Your assignment -> Output only the lines below from the one holding "Ginon女士,法國(guó)駐上??傤I(lǐng)事M. Joan Valadou" down to the one holding "Летняя рубашка next", both end lines included and every picture dropped.

Input for this task ->

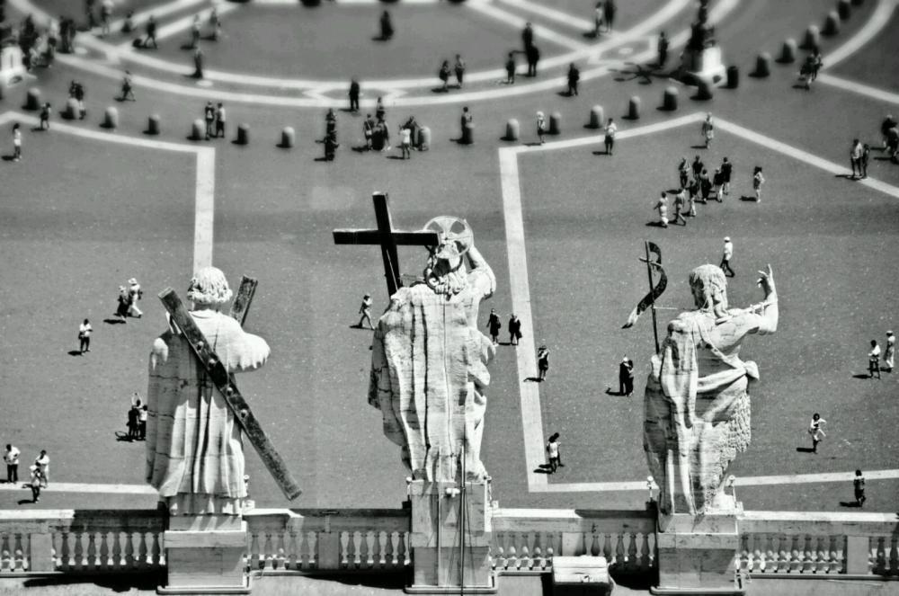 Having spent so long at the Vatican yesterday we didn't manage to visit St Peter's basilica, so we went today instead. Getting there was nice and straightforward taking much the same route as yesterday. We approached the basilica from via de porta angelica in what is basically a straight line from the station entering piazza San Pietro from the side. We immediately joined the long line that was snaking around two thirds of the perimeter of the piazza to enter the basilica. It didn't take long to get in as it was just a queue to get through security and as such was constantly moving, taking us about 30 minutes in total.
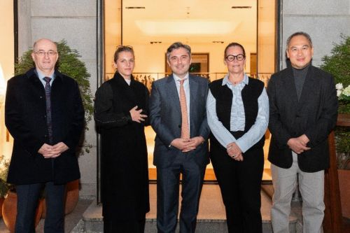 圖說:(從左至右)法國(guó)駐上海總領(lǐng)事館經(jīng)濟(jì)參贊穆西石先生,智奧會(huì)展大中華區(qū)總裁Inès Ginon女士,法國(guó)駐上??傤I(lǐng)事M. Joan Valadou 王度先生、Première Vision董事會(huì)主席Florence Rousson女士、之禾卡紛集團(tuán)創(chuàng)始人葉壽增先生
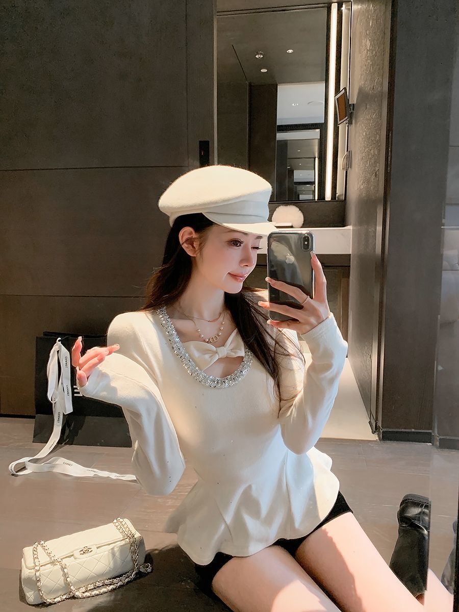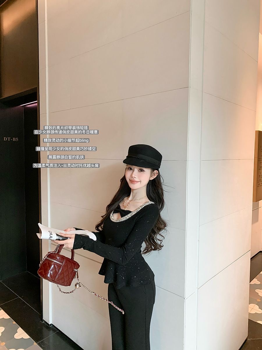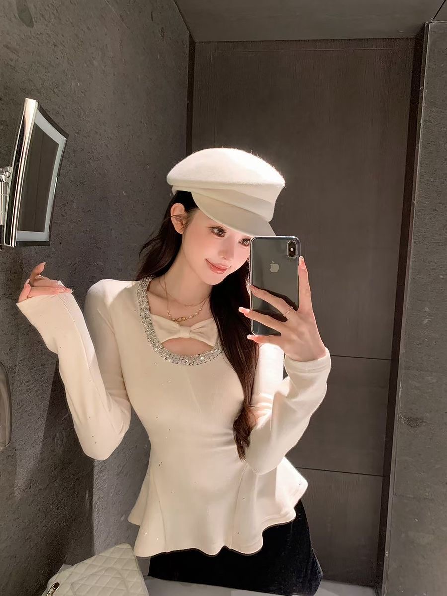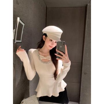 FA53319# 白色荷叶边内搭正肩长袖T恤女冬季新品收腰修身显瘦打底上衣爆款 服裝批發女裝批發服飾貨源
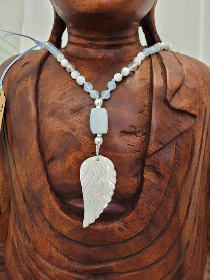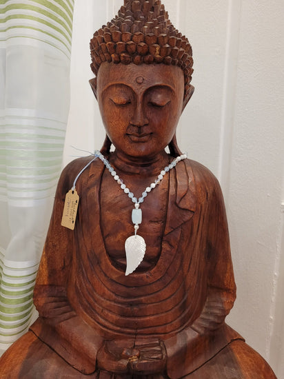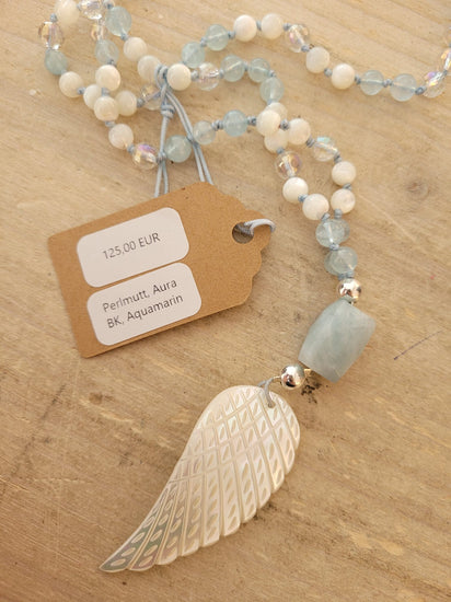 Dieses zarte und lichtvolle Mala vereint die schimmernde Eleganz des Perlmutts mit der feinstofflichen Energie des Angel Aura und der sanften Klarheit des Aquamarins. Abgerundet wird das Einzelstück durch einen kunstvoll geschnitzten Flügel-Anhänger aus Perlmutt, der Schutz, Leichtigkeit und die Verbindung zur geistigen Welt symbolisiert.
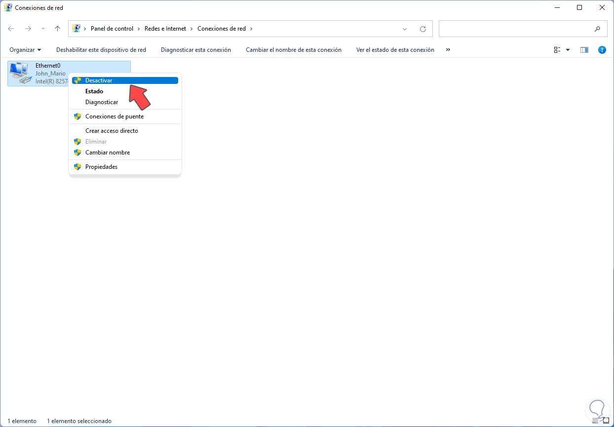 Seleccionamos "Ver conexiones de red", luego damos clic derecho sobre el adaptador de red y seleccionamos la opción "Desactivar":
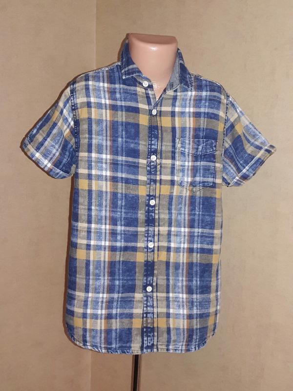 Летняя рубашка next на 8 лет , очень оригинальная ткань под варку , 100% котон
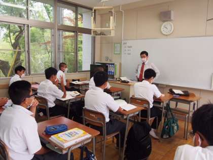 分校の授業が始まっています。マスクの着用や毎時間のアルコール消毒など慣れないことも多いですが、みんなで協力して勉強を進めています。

* * *

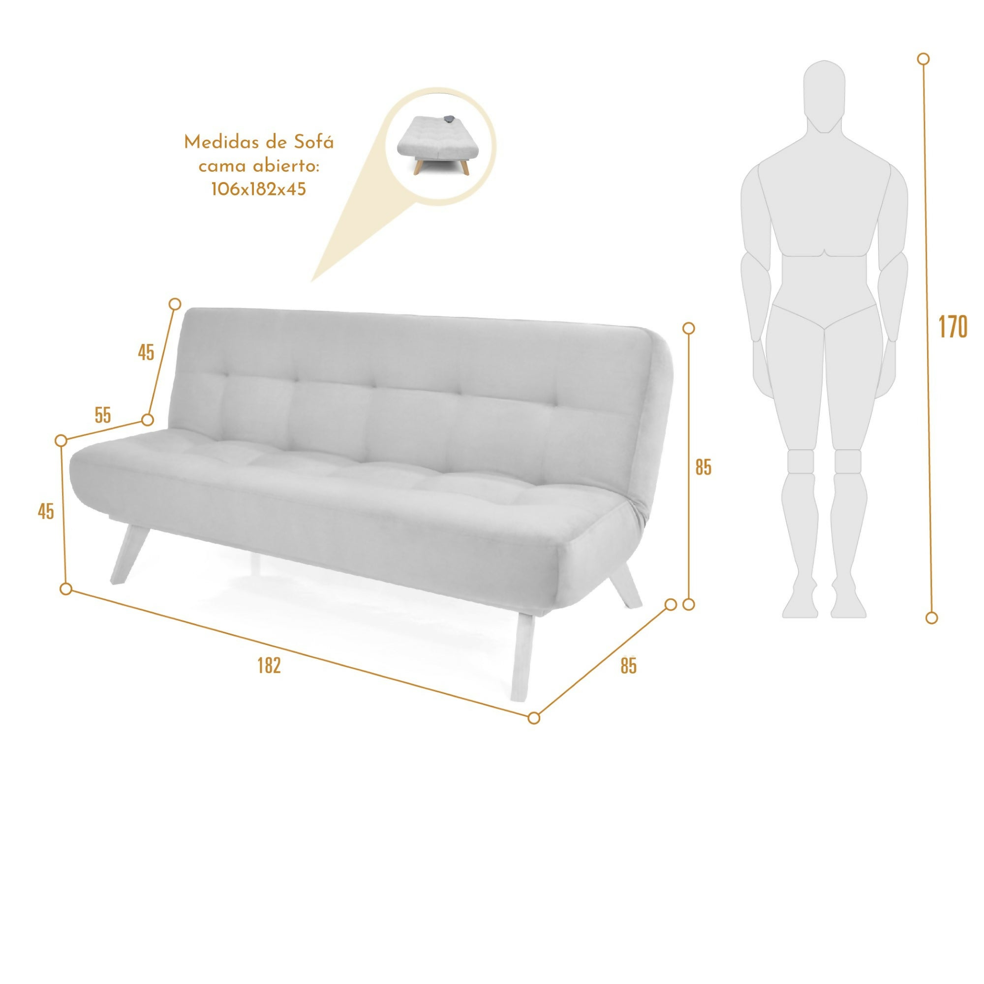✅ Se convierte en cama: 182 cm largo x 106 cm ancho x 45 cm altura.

==

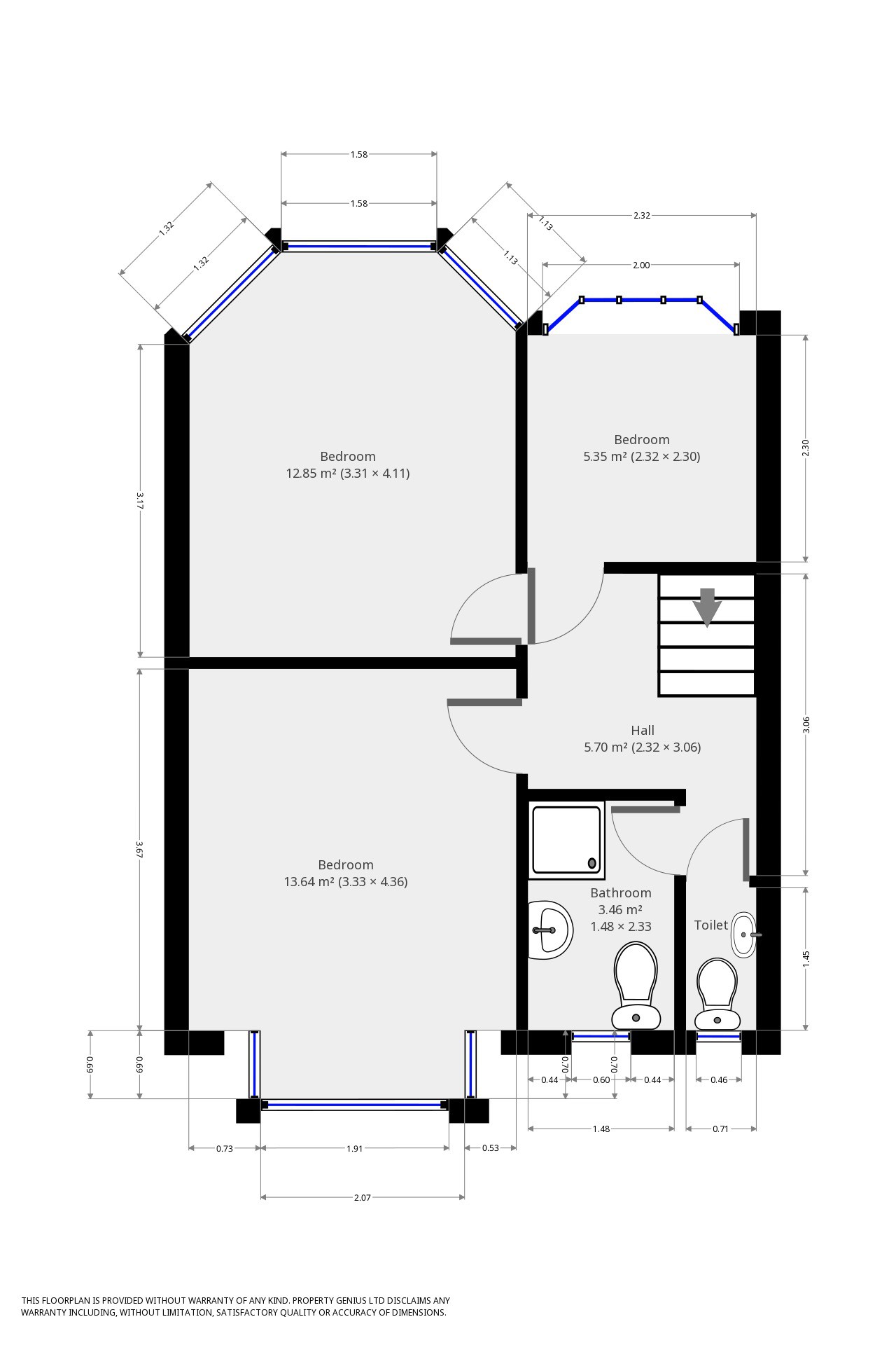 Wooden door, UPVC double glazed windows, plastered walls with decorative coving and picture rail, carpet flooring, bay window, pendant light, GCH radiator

Solution to this task ->
 圖說:(從左至右)法國(guó)駐上海總領(lǐng)事館經(jīng)濟(jì)參贊穆西石先生,智奧會(huì)展大中華區(qū)總裁Inès Ginon女士,法國(guó)駐上??傤I(lǐng)事M. Joan Valadou 王度先生、Première Vision董事會(huì)主席Florence Rousson女士、之禾卡紛集團(tuán)創(chuàng)始人葉壽增先生
 FA53319# 白色荷叶边内搭正肩长袖T恤女冬季新品收腰修身显瘦打底上衣爆款 服裝批發女裝批發服飾貨源
 Dieses zarte und lichtvolle Mala vereint die schimmernde Eleganz des Perlmutts mit der feinstofflichen Energie des Angel Aura und der sanften Klarheit des Aquamarins. Abgerundet wird das Einzelstück durch einen kunstvoll geschnitzten Flügel-Anhänger aus Perlmutt, der Schutz, Leichtigkeit und die Verbindung zur geistigen Welt symbolisiert.
 Seleccionamos "Ver conexiones de red", luego damos clic derecho sobre el adaptador de red y seleccionamos la opción "Desactivar":
 Летняя рубашка next на 8 лет , очень оригинальная ткань под варку , 100% котон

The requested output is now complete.